'Limitless' Thrill

'Limitless' Thrill

During the height of the steroids-in-baseball scandal a friend defending the muscle-bound sluggers asked, “You mean to tell me that if someone came up to you and offered you a pill that would make you dramatically better at your job and ratchet up your pay grade that you wouldn’t take it?”

It was an interesting hypothetical and it gave me pause, but since being able to bench press a Chevy Malibu wouldn’t really give me much of an advantage over my fellow movie critics I quickly dismissed it.

However, the new thriller “Limitless” envisions a world where I wouldn’t be let off the hook so easily as a black-market pill has been devised that greatly enhances mental prowess, creating the cerebral version of Barry Bonds.

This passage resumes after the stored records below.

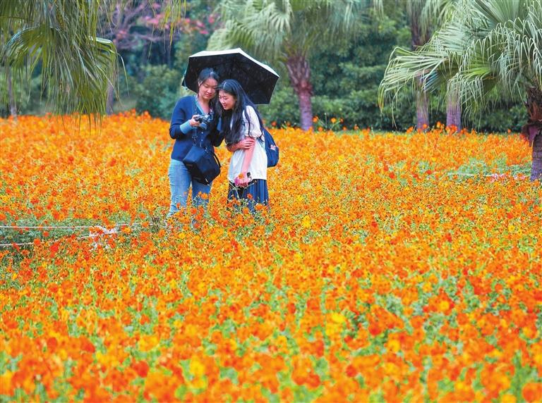 | | Tourists enjoy the blooms at the ongoing annual chrysanthemum show in Donghu Park, Luohu District. The exhibition, which will run until Jan. 4, 2026, features 100,000 pots of chrysanthemums in full bloom across more than 5,000 square meters, showcasing over 300 varieties. |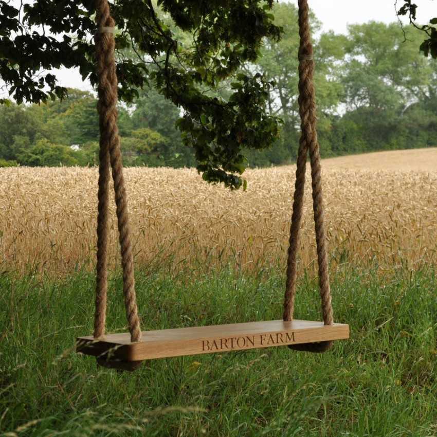 Простые детские качели для дачи, подвешенные на веревках к ветке дерева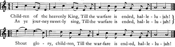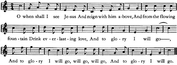 The text simplification in religious folk-songs began modestly. The variety of spiritual song which is closest to the folk-hymn is that in which each short stanza of text (four short lines usually) is followed by a chorus of the same length, as for example: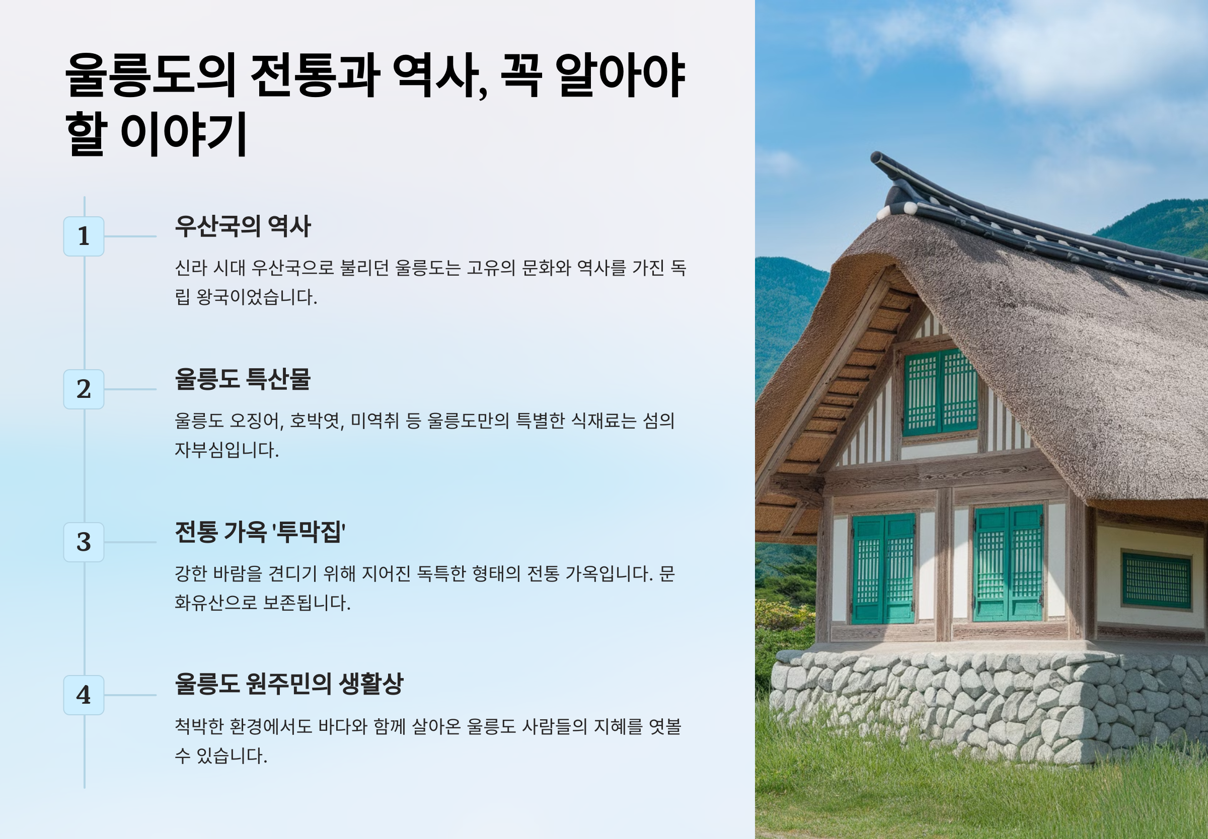 👉 다음 섹션인 **"울릉도의 전통과 역사, 꼭 알아야 할 이야기"** 자동 출력됩니다! 📜

I thought I had this movie pegged from the trailer, which showed a schlubby writer (as played by Bradley Cooper) who, thanks to a little clear pill, becomes a super-slick brainiac. In my mind the movie would unfold with Cooper achieving greatness, dealing with unwelcome side effects, realizing that life is better without the pill, credits roll, we’re all better people, stay in school kids and don’t do drugs.

Fortunately “Limitless” isn’t content with being a simple morality tale and instead unspools as a dynamic thriller that plays with some weighty issues along the way.

The movie was directed by Neil Burger who is probably best known for his film “The Illusionist.” Burger never once settles for a simple shot as “Limitless” is visually compelling throughout, especially with the clever visuals he uses to illustrate the effects of the drug. I think it would be fair to count David Fincher amongst Burger’s influences as when combined with Cooper’s voice-over narration “Limitless” plays out a bit like a poor man’s “Fight Club.”


Cooper erases any doubts of his ability to be a leading man, and while he is most believable as a fast-talking dynamo, his best acting might be during his pre-drug phase as an unkempt, failing author.

Supporting turns are also solid, including Abbie Cornish as Cooper’s on-again/off-again girlfriend and Robert De Niro as a corporate tycoon looking to take advantage of Cooper’s emergence as a financial wunderkind. De Niro’s role is little more than a cameo, but he does have a couple of great scenes that represent his best work in at least a decade. Granted, that’s not saying much, but still.

“Limitless” is a compelling enough movie just to look at and becomes an effective thriller as dark forces begin to collect around Cooper’s new-found ambition. But what’s maybe even more surprising is that this film doesn’t shy away from being a little intellectually challenging as well.

Plotwise “Limitless” does leave a bit to be desired. Several issues never get satisfactorily resolved, character motivations are often murky and the movie does sag at times under the weight of the ridiculousness of the premise.

That said, the film does deserve credit for diving right in to issues of identity, morality, addiction, altruism and ambition and for not being afraid to admit there are no easy answers. Even the ending is compellingly vague, leaving us to wonder if advantages in pill form are inherently good or bad or if we even have the ability to tell the difference.

“Limitless” is rated PG-13 for thematic material involving a drug, violence including disturbing images, sexuality and language.